- **EXERCISE**: As soon as the line containing "Request Item:此" appears in the material below, start returning lines exactly, and end with the line containing "Nêu phân số".

- **PROVIDED DATA**:
- - - - -

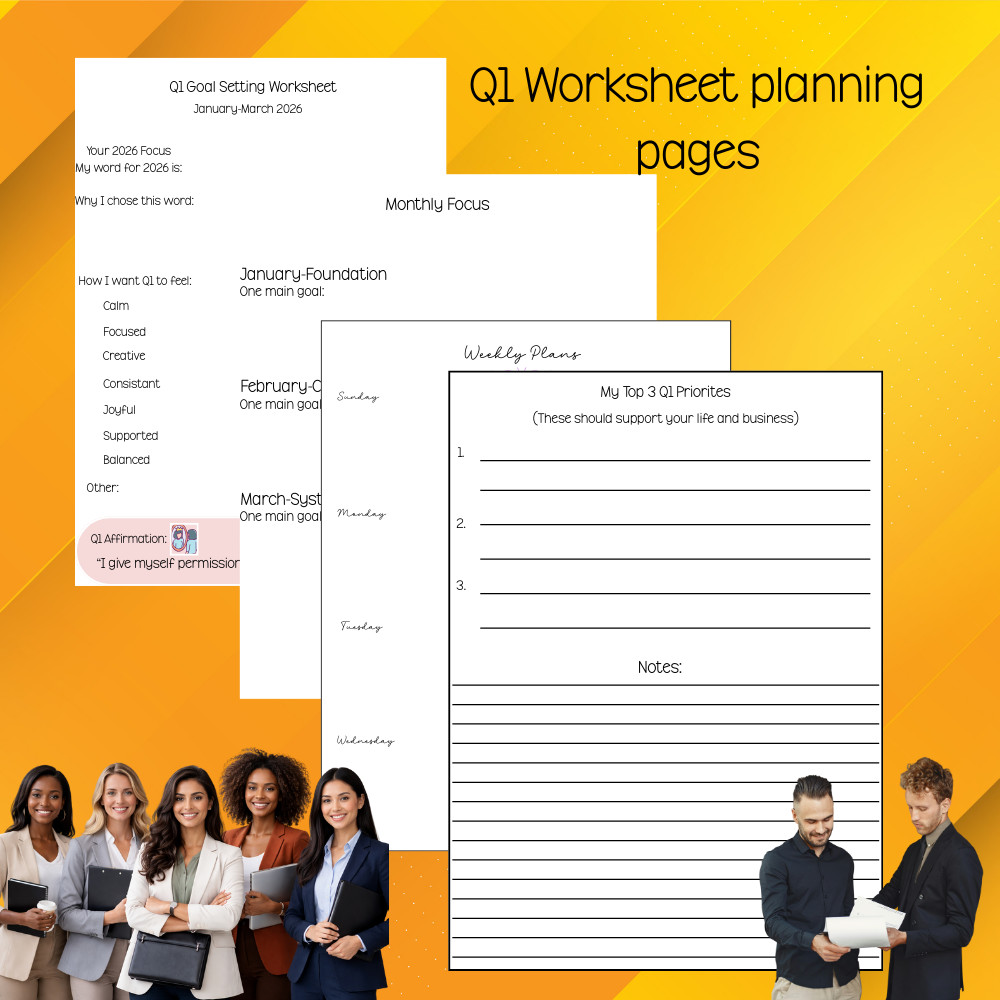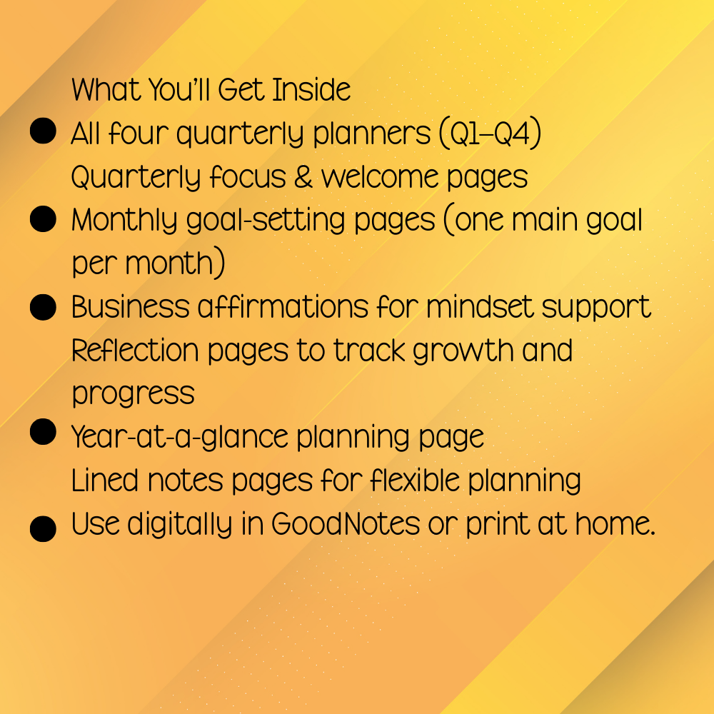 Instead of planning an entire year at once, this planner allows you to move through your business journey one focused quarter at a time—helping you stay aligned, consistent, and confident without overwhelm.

- - - - -

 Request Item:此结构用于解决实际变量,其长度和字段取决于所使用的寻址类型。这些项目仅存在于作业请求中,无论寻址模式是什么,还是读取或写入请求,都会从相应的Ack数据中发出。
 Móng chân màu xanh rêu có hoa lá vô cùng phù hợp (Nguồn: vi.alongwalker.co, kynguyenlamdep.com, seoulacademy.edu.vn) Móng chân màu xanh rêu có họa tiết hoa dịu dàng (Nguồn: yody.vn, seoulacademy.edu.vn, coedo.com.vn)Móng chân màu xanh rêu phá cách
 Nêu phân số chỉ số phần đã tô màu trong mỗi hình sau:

- - - - -

- **TASK RESULT**:
 Request Item:此结构用于解决实际变量,其长度和字段取决于所使用的寻址类型。这些项目仅存在于作业请求中,无论寻址模式是什么,还是读取或写入请求,都会从相应的Ack数据中发出。
 Móng chân màu xanh rêu có hoa lá vô cùng phù hợp (Nguồn: vi.alongwalker.co, kynguyenlamdep.com, seoulacademy.edu.vn) Móng chân màu xanh rêu có họa tiết hoa dịu dàng (Nguồn: yody.vn, seoulacademy.edu.vn, coedo.com.vn)Móng chân màu xanh rêu phá cách
 Nêu phân số chỉ số phần đã tô màu trong mỗi hình sau:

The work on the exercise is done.